EXERCISE GOAL :: Without reproducing any image, print the listing below exactly.

DATA BLOCK ::
=======
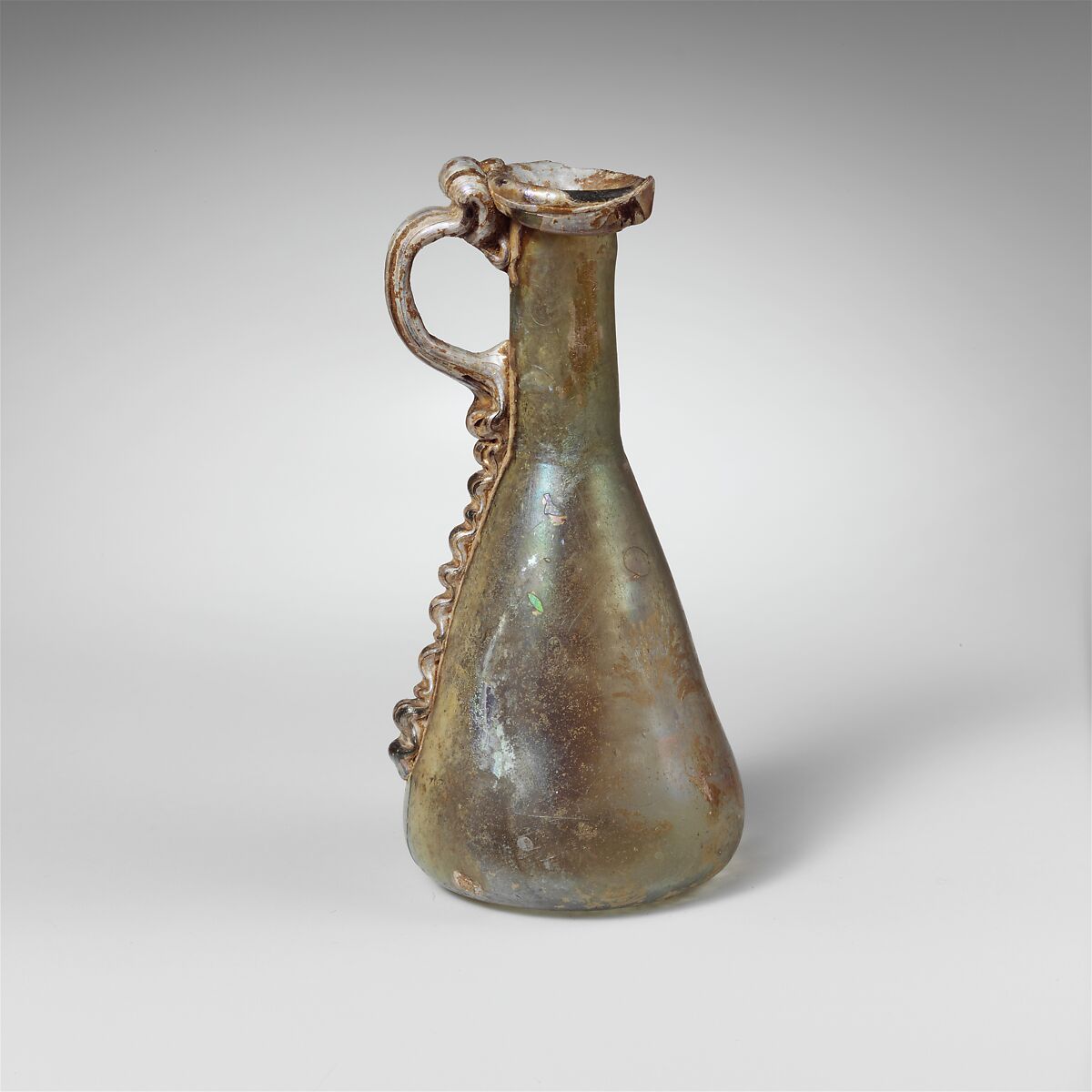 Collared rim, folded out, down, and up, with lip on outer edge of flaring mouth; cylindrical neck with tooled indent around base; straight sides to conical body; flat bottom; handle applied as a long trail down side and lower part of neck, then drawn out in a loop and trailed on to rim and top of neck.
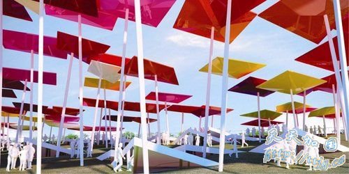 “飘扬”着135只大型风筝的风筝广场是墨西哥馆的核心。参观者可随时随地在展馆里购买风筝,或者亲手做一个,到顶层的风筝广场上放飞。
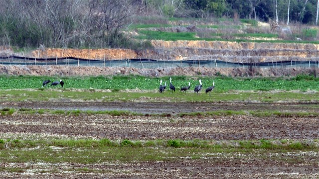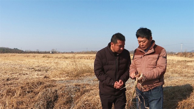 东至县香隅镇金鸡村干群在周家湖湖田查看候鸟口粮。叶路摄
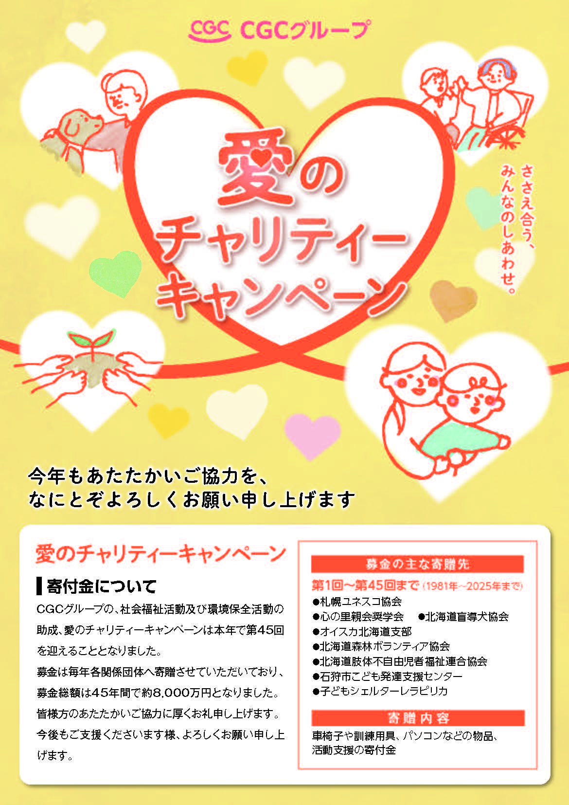 募金は毎年各関係団体へ寄贈させていただいており、北海道CGCグループでの募金総額は45年間で約8,000万円に達しております。
=======
OUTPUT OF THE TASK ::
 Collared rim, folded out, down, and up, with lip on outer edge of flaring mouth; cylindrical neck with tooled indent around base; straight sides to conical body; flat bottom; handle applied as a long trail down side and lower part of neck, then drawn out in a loop and trailed on to rim and top of neck.
 “飘扬”着135只大型风筝的风筝广场是墨西哥馆的核心。参观者可随时随地在展馆里购买风筝,或者亲手做一个,到顶层的风筝广场上放飞。
 东至县香隅镇金鸡村干群在周家湖湖田查看候鸟口粮。叶路摄
 募金は毎年各関係団体へ寄贈させていただいており、北海道CGCグループでの募金総額は45年間で約8,000万円に達しております。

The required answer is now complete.